Meek Mill Gets Big Backing From Rick Ross, Drake
“He wanted to battle me!” Meek Mill laughs over the phone. The rapper just recently exchanged some lighthearted jabs over Twitter with New England Patriots receiver Chad Ochocinco, and he assures that he’d never back down from a lyrical spar. “Once he said he wanted to battle, you don’t have to say that too many times for me to throw some bars at you! It was cool, all fun and games.”
These days, Meek can afford a quick laugh or two. The 24-year-old spitter has become one of the most recognizable voices on rap airwaves since inking a deal with Rick Ross‘s Maybach Music Group in 2011. After a string of hearty verses on the crew’s Self Made Vol. 1 mixtape, Meek struck gold with the blistering Rick Ross collaboration “I’m a Boss,” off his own Dreamchasers release. “I’ve learned a lot of things from Ross,” Meek says of his label head and crew leader. “It’s like being on a team.

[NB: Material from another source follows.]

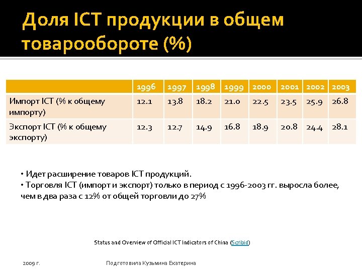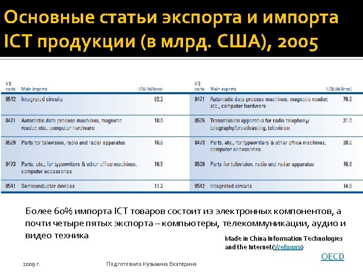Импорт и экспорт ICT Made in China Information Technologies and the Internet(Weforum) 2009 г. Подготовила Кузьмина Екатерина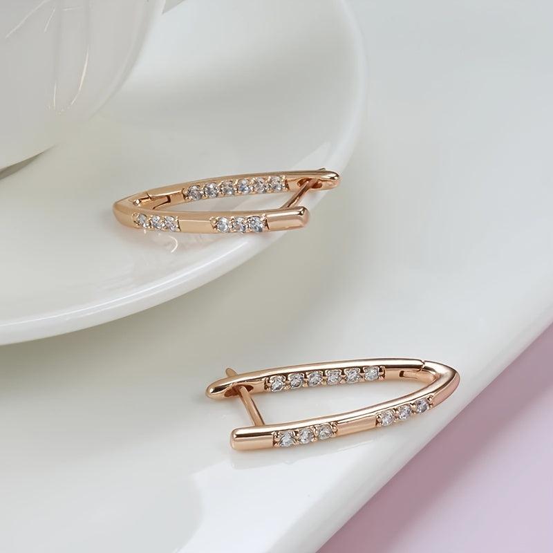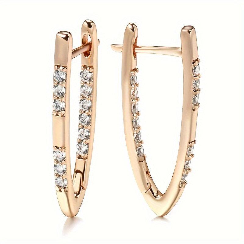 Add a touch of elegance to any outfit with these stunning V-shaped earrings. The champagne golden color is perfect for celebrating Christmas, Valentine's Day, or any holiday. These earrings are made with synthetic zirconia for a high-quality finish.

You have people bring things to the table that you might not have brought to the table alone.”
Meek came up on the streets of North Philadelphia, rhyming his way through the city’s underground battle scene and building his presence through free mixtapes and promotional DVDs. “I was dropping mixtapes at like 16, 17, and they were doing pretty good in the neighborhood. People were always listening,” he recalls. His buzz amplified by the day, and after a brief prison stint threatened to stop his momentum, Meek focused on transitioning from a battle MC to a songwriter. “I was around people that always told me, ‘It’s about making a song with a concept and a hook.'”
Meek’s penchant for huge hooks and distinct punchlines have put him in the same circles as rap’s current hitmakers, and his newest mixtape Dreamchasers 2, out today, shows distinct growth. On the Drake-collaboration “Amen” (listen below), his personality and humor burst from a blasphemous instrumental. “All I get is Frito-Lay/Plus I’m on probation, when they test me I just pee Rosé!” he quips, playing inflated hustler and class clown in the same breath.
“Amen” is probably Meek’s biggest collaboration to date, but he’s most excited about his work with Kendrick Lamar, the young Compton realist who Drake also pegged for his latest album. “You can expect something different,” Meek says of the track, recorded in Los Angeles. “The flows, the bounce, the energy – Kendrick killed it! I like his verse better than mine.”
With his humble beginnings and brash, street-bred delivery, Meek has flourished as one of rap’s few voices for the everyman. Now, he says he’s ready to deliver for the fans that have stood by him; along with Dreamchasers 2, his debut LP Dreams and Nightmares is set for an August 28th release. “Lyrics and beats, same as the first time around, just new material,” Meek promises . “Because it’s not about me being happy; it’s about the people.”